Image Metadata

Unstable API 0.10.0 @project-lakechain/image-metadata-extractor

The image metadata extractor enriches document metadata with specific information about input images, such as their dimensions, dominant color, orientation, EXIF tags, and more. Those metadata can then be later used by subsequent middlewares in the pipeline, or stored in a database.

📷 Extracting Metadata

To use this middleware, you import it in your CDK stack and instantiate it as part of a pipeline.

import { ImageMetadataExtractor } from '@project-lakechain/image-metadata-extractor';
import { CacheStorage } from '@project-lakechain/core';

class Stack extends cdk.Stack {
  constructor(scope: cdk.Construct, id: string) {
    const cache = new CacheStorage(this, 'Cache');

    // Extracts metadata from images.
    const imageMetadata = new ImageMetadataExtractor.Builder()
      .withScope(this)
      .withIdentifier('ImageMetadata')
      .withCacheStorage(cache)
      .withSource(source) // 👈 Specify a data source
      .build();
  }
}

📄 Output

The image metadata extraction middleware does not modify or alter source images in any way.

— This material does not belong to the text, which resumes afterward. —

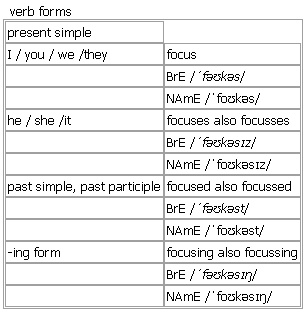 focus AW [focus focuses focusses focused focussed focusing focussing] verb, noun BrE [ˈfəʊkəs] NAmE [ˈfoʊkəs]

It instead enriches the metadata of their document with captured information. Below is an example of metadata captured using this middleware.

💁 Click to expand example

{
  "specversion": "1.0",
  "id": "1780d5de-fd6f-4530-98d7-82ebee85ea39",
  "type": "document-created",
  "time": "2023-10-22T13:19:10.657Z",
  "data": {
      "chainId": "6ebf76e4-f70c-440c-98f9-3e3e7eb34c79",
      "source": {
          "url": "s3://bucket/image.png",
          "type": "image/png",
          "size": 245328,
          "etag": "1243cbd6cf145453c8b5519a2ada4779"
      },
      "document": {
          "url": "s3://bucket/image.png",
          "type": "image/png",
          "size": 245328,
          "etag": "1243cbd6cf145453c8b5519a2ada4779"
      },
      "metadata": {
        "authors": [
          "John Doe"
        ],
        "title": "A winter in San Francisco",
        "properties": {
          "kind": "image",
          "attrs": {
            "width": 1920,
            "height": 1080,
            "exif": {
              "Make": "Canon",
              "Model": "Canon EOS 5D Mark IV"
            }
          }
        }
      },
      "callStack": []
  }
}

🏗️ Architecture

This middleware runs within a Lambda compute based on the ARM64 architecture, and packages different libraries to extract the metadata of images.

Architecture

🏷️ Properties

Supported Inputs

Mime Type	Description
`image/gif`	GIF image
`image/jpeg`	JPEG image
`image/png`	PNG image
`image/tiff`	TIFF image
`image/webp`	WebP image
`image/avif`	AVIF image

Supported Outputs

Mime Type	Description
`image/gif`	GIF image
`image/jpeg`	JPEG image
`image/png`	PNG image
`image/tiff`	TIFF image
`image/webp`	WebP image
`image/avif`	AVIF image

Supported Compute Types

Type	Description
`CPU`	This middleware only supports CPU compute.

📖 Examples

Metadata Extraction Pipeline - Builds a simple metadata extraction pipeline.